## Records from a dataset
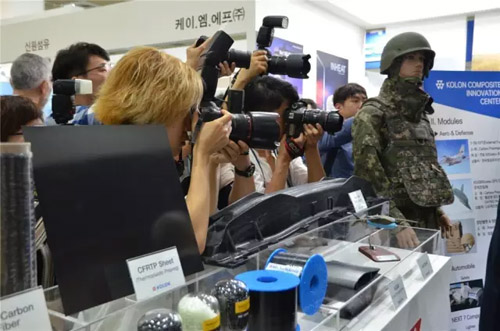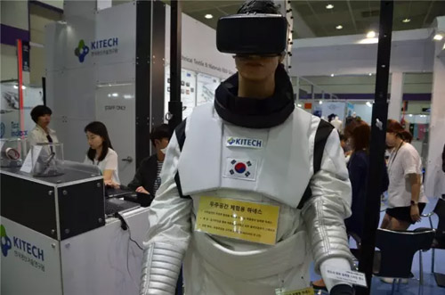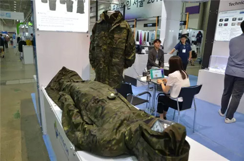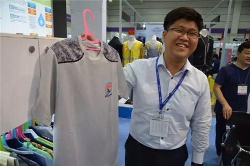 這里展示的是一項宇航服與VR設備相結合的技術,人們穿上它可體驗到太空行走的場景。 中國展商為何增加? 對于有374家企業參展的PIS展,中國參展企業就多達126家,有人說“是中國企業帶火了韓國展”,這一方面有展館面積擴大的因素,以及招展工作的積極推進;另一個重要外因在于杭州舉行的G20峰會。 紹興浙良紡織有限公司地處紹興柯橋,由于G20峰會的緣故,企業已經停產多日,開工日期在9月7日以后,“既然有空,就來韓國看看。”公司業務負責人徐興華說,TR彈力布全球只有紹興做得最好,“以前沒有關注過韓國市場,趁這個機會在韓國市場找找商機”。對于韓國市場,徐興華表示,美國訂單很多下給韓國,韓國又會找中國加工。公司此次帶來了針織粗針產品,用不同顏色、不同工藝、不同原料搭配,給人一種新奇的感覺。徐興華對自己的產品頗有信心,他深知,“如今已經不是拼價格的時候了,要有自己的開發能力,不搞新產品,就會被淘汰。”
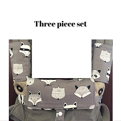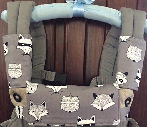 -. Title : Pawda Baby Ergo 360 teething pads, drool pads, bib, cover in grey with foxes for Ergo, Manduca, Lillebaby
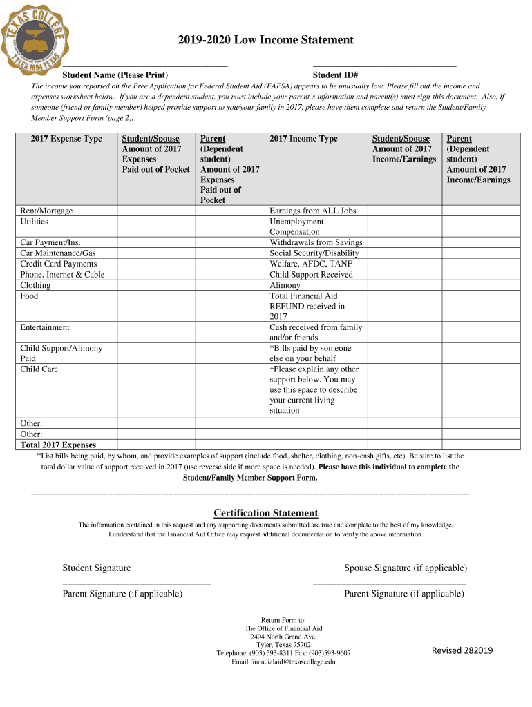 Get the free 2019-2020 Low Income Statement - Texas College
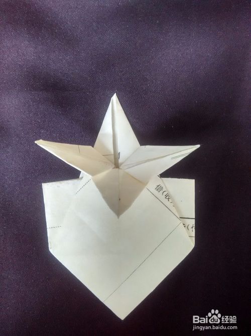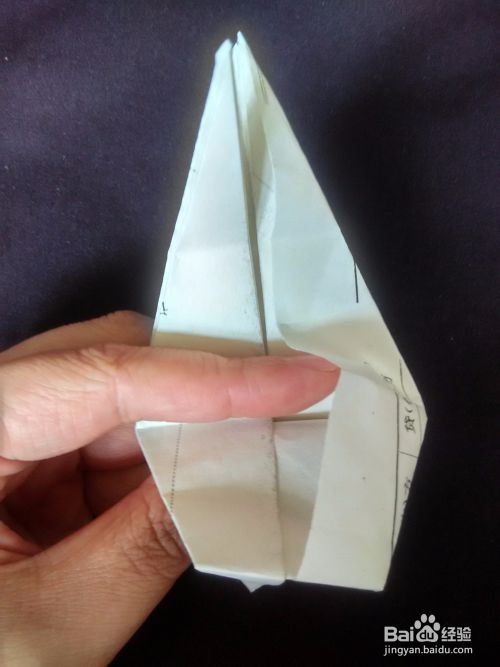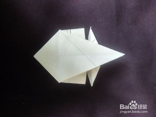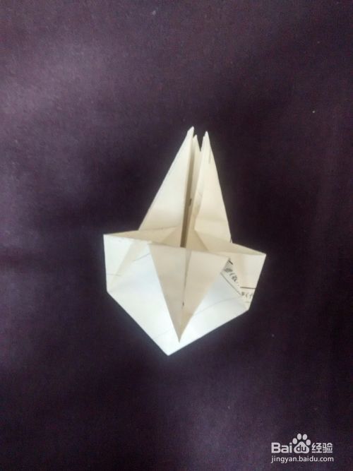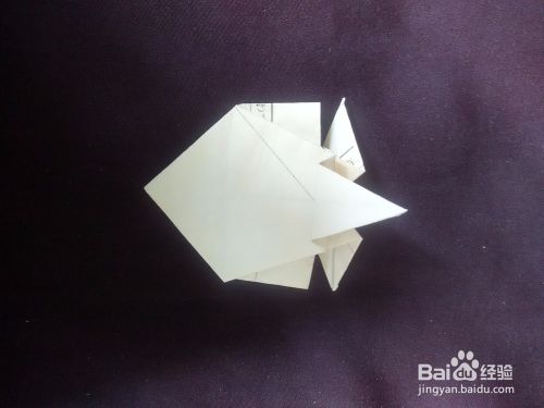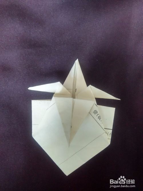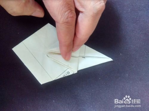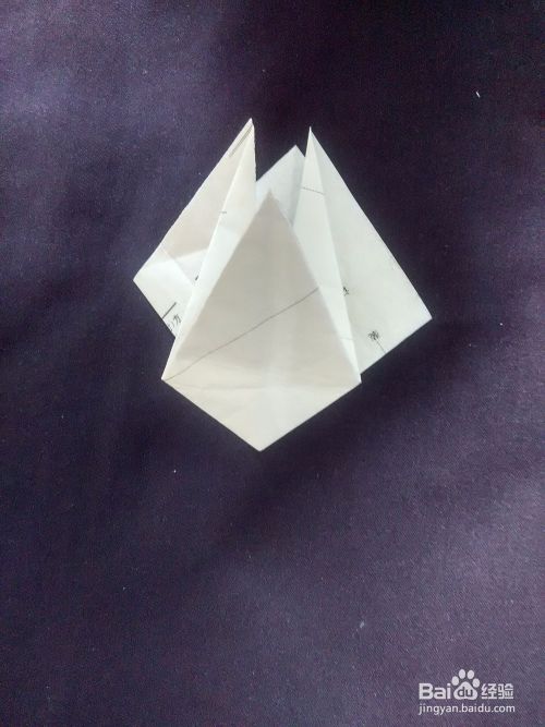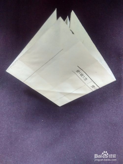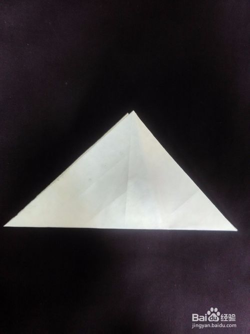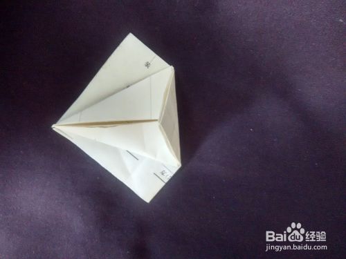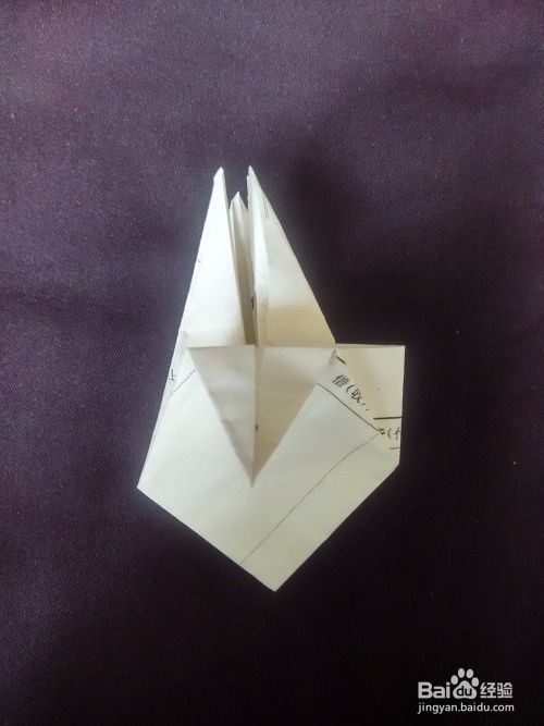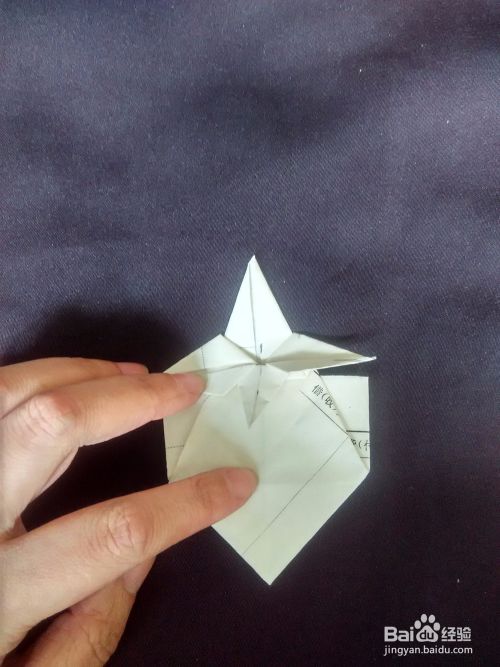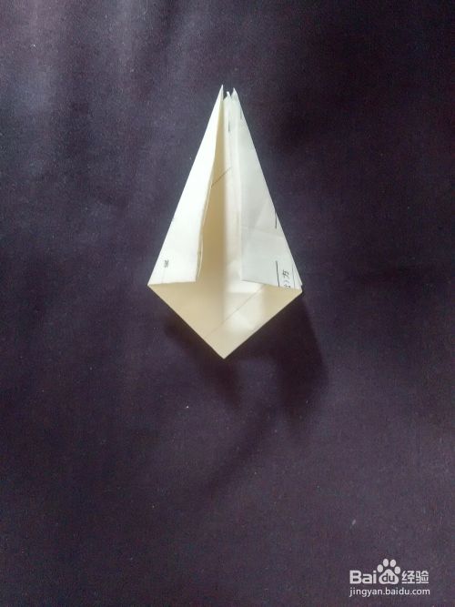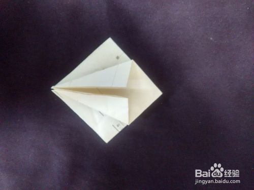 然后,折两个三角形。再将上面的三角形折下来。然后,第一层拉开。按印折成个尖角。另外一面也一样,折个尖角。
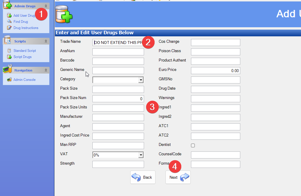 You could of course also add a new short cut to this effect. To do this again go to My Control Panel==>Admin Console==>Drugs
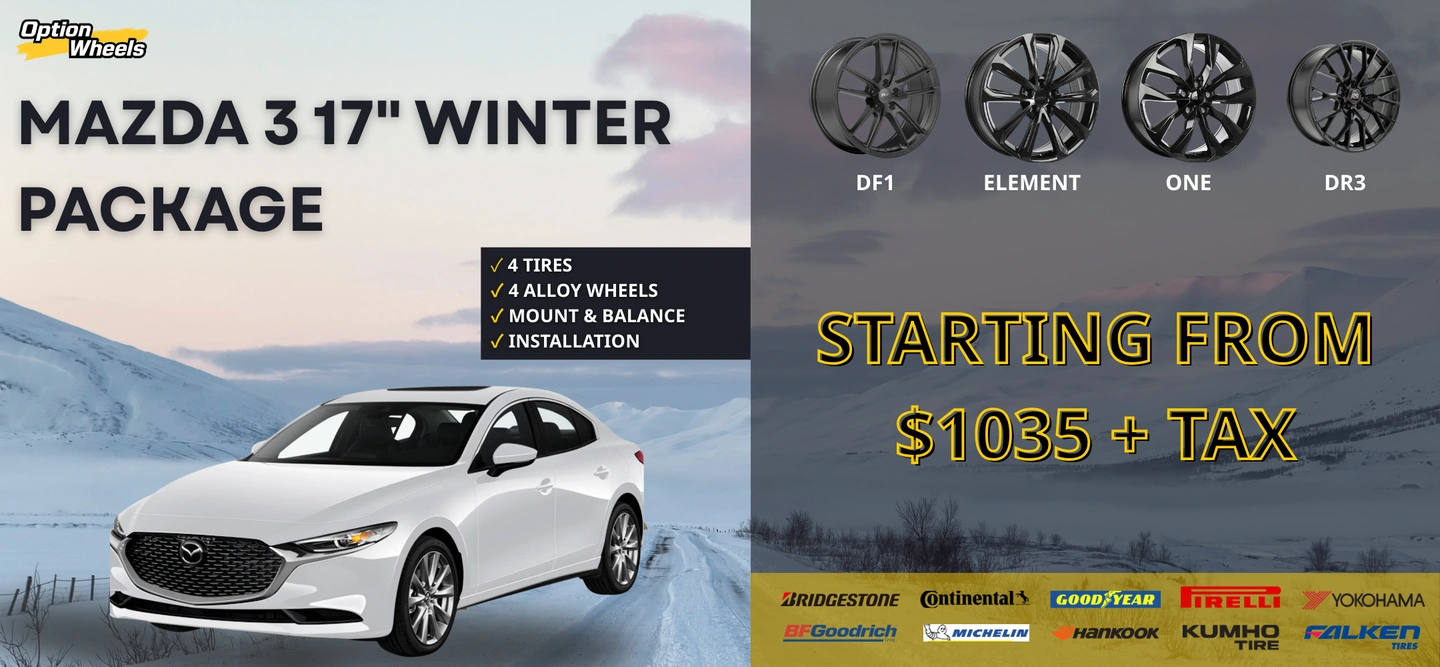 ❄️ Reliable Mazda3 winter wheel & tire combos. 💰 Price Range: $1035 – $1800 + Tax ✔️ 4 Wheels + 4 Winter Tires ✔️ FREE Oakville Install ✔️ GTA Mobile +$100 Highlights: Wheels: RS DR3, RS DF1, DAI Element, DAI ONE Tires: Michelin X-ICE Snow, Uniroyal Tiger Paw, Mirage MR-W562, Continental IceContact XTRM 📍 Option Wheels – Oakville, ON 📲 DM @optionwheels_ for Mazda3 winter packages today!
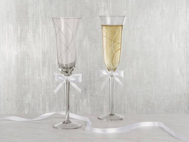 You may be interested in these similar products shown below.Swirl Toasting Glass with White Bow features flared rims and a swirl pattern
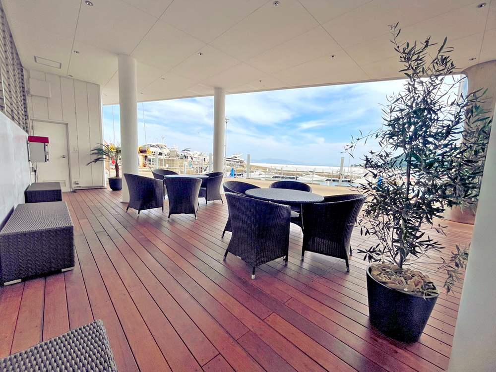 心地よい海風が吹き抜けるテラスは、ウッドを全面張り直してテーブル&チェアも新調。受け付け待ち、ランチタイム、帰港後などに、海を眺めながらスペシャルなひとときをお楽しみください。
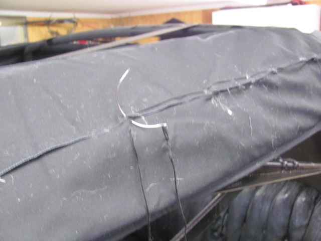 As for a stapler, the air ones are nice, small, and the nose is so small it fits into the Hidem welting strip too, holding the channel open as you staple the finishes to your top. But use tacks in the long nylon or webbing top support runs from the front bow to the rear tack strip, you want to really have secure webbing for the top cover support.
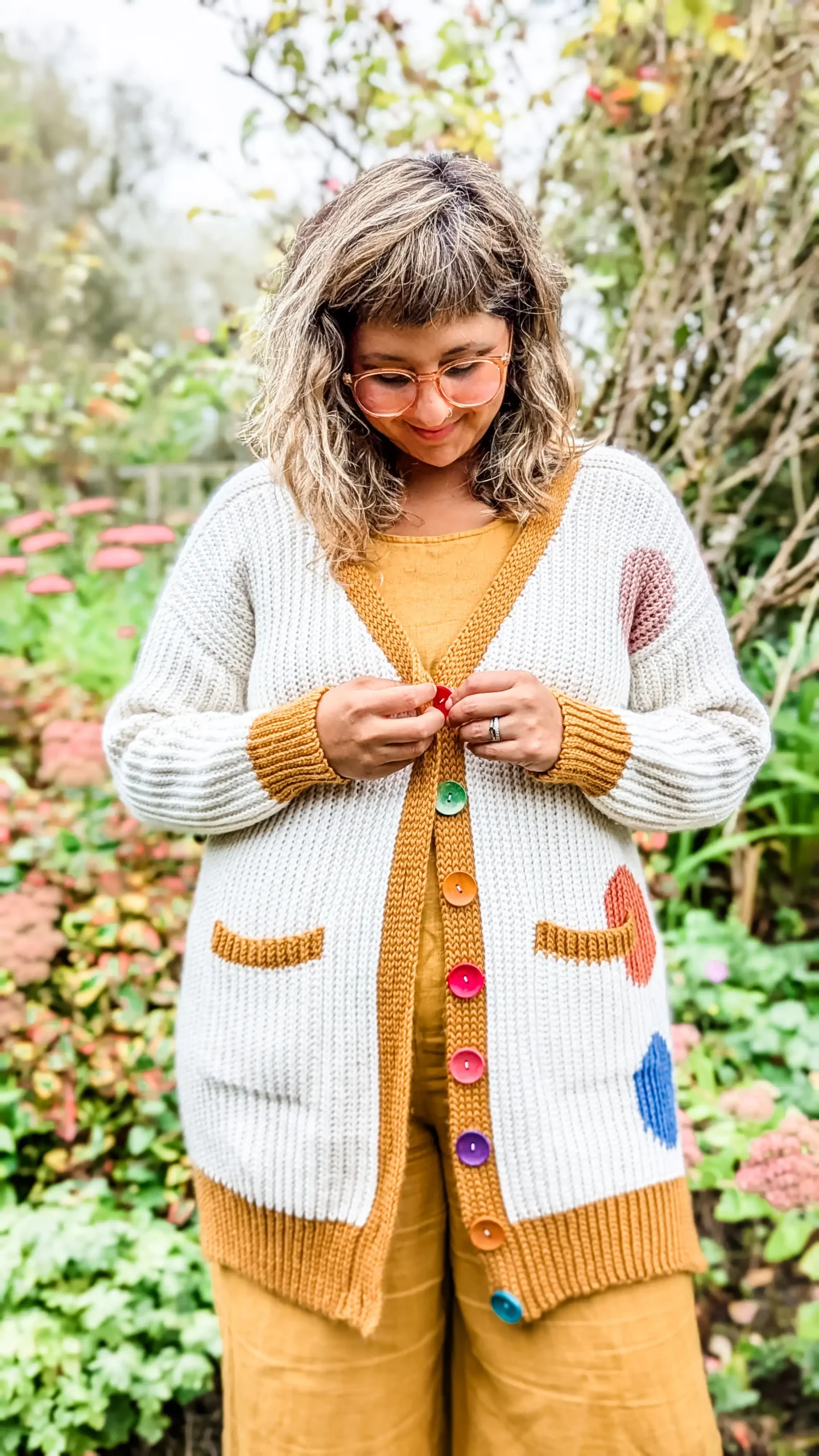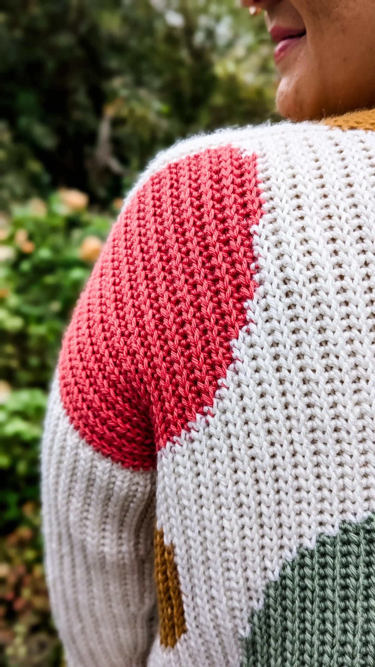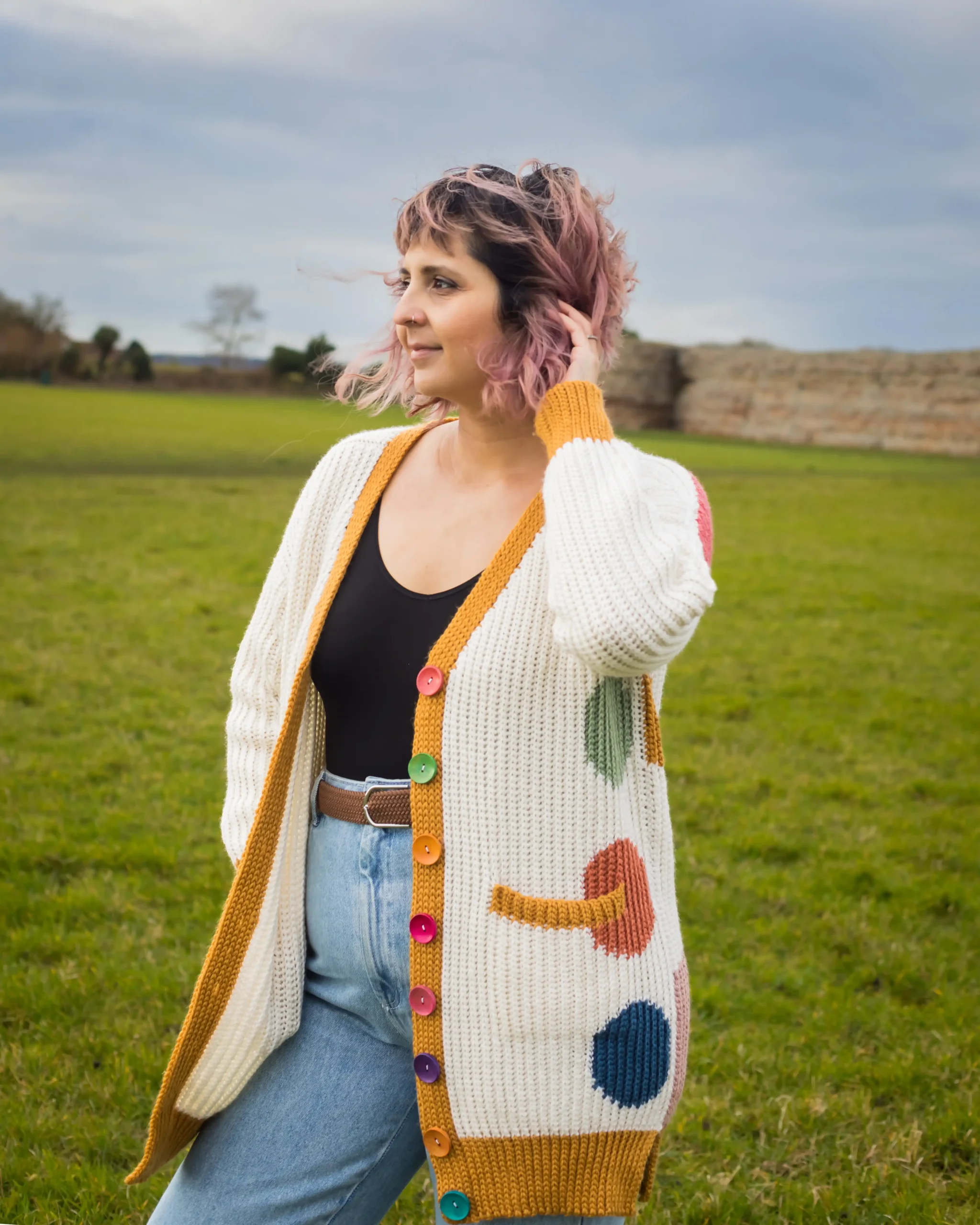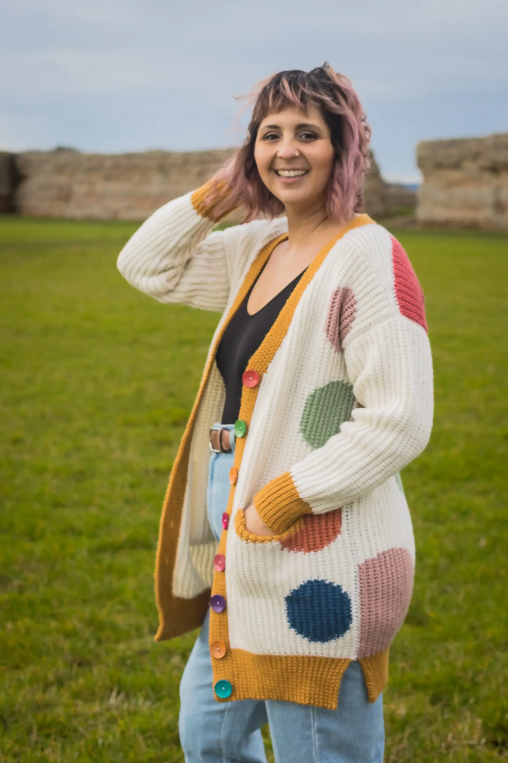 You know that feeling when you see a bunch of puppies playing with ducklings, or a baby’s first smile? That’s Gigil, the overwhelming feeling of cuteness. And Gigil, the cardigan, embraces that feeling of cuteness and innocence to its max. It is a long, oversized cardigan with a fun colorful pattern at the back, two seamless pockets at the front, a split hem and ribbed cuffs, hem, and button band. It is constructed in five separate panels, made in vertical rows, and then sewn together. All color changes are done using intarsia and the pattern includes charts to follow for the color changes.

## WORK INSTRUCTION
Text only, pictures out: give every record again as written.

## TASK OUTPUT
 這里展示的是一項宇航服與VR設備相結合的技術,人們穿上它可體驗到太空行走的場景。 中國展商為何增加? 對于有374家企業參展的PIS展,中國參展企業就多達126家,有人說“是中國企業帶火了韓國展”,這一方面有展館面積擴大的因素,以及招展工作的積極推進;另一個重要外因在于杭州舉行的G20峰會。 紹興浙良紡織有限公司地處紹興柯橋,由于G20峰會的緣故,企業已經停產多日,開工日期在9月7日以后,“既然有空,就來韓國看看。”公司業務負責人徐興華說,TR彈力布全球只有紹興做得最好,“以前沒有關注過韓國市場,趁這個機會在韓國市場找找商機”。對于韓國市場,徐興華表示,美國訂單很多下給韓國,韓國又會找中國加工。公司此次帶來了針織粗針產品,用不同顏色、不同工藝、不同原料搭配,給人一種新奇的感覺。徐興華對自己的產品頗有信心,他深知,“如今已經不是拼價格的時候了,要有自己的開發能力,不搞新產品,就會被淘汰。”
 -. Title : Pawda Baby Ergo 360 teething pads, drool pads, bib, cover in grey with foxes for Ergo, Manduca, Lillebaby
 Get the free 2019-2020 Low Income Statement - Texas College
 然后,折两个三角形。再将上面的三角形折下来。然后,第一层拉开。按印折成个尖角。另外一面也一样,折个尖角。
 You could of course also add a new short cut to this effect. To do this again go to My Control Panel==>Admin Console==>Drugs
 ❄️ Reliable Mazda3 winter wheel & tire combos. 💰 Price Range: $1035 – $1800 + Tax ✔️ 4 Wheels + 4 Winter Tires ✔️ FREE Oakville Install ✔️ GTA Mobile +$100 Highlights: Wheels: RS DR3, RS DF1, DAI Element, DAI ONE Tires: Michelin X-ICE Snow, Uniroyal Tiger Paw, Mirage MR-W562, Continental IceContact XTRM 📍 Option Wheels – Oakville, ON 📲 DM @optionwheels_ for Mazda3 winter packages today!
 You may be interested in these similar products shown below.Swirl Toasting Glass with White Bow features flared rims and a swirl pattern
 心地よい海風が吹き抜けるテラスは、ウッドを全面張り直してテーブル&チェアも新調。受け付け待ち、ランチタイム、帰港後などに、海を眺めながらスペシャルなひとときをお楽しみください。
 As for a stapler, the air ones are nice, small, and the nose is so small it fits into the Hidem welting strip too, holding the channel open as you staple the finishes to your top. But use tacks in the long nylon or webbing top support runs from the front bow to the rear tack strip, you want to really have secure webbing for the top cover support.
 You know that feeling when you see a bunch of puppies playing with ducklings, or a baby’s first smile? That’s Gigil, the overwhelming feeling of cuteness. And Gigil, the cardigan, embraces that feeling of cuteness and innocence to its max. It is a long, oversized cardigan with a fun colorful pattern at the back, two seamless pockets at the front, a split hem and ribbed cuffs, hem, and button band. It is constructed in five separate panels, made in vertical rows, and then sewn together. All color changes are done using intarsia and the pattern includes charts to follow for the color changes.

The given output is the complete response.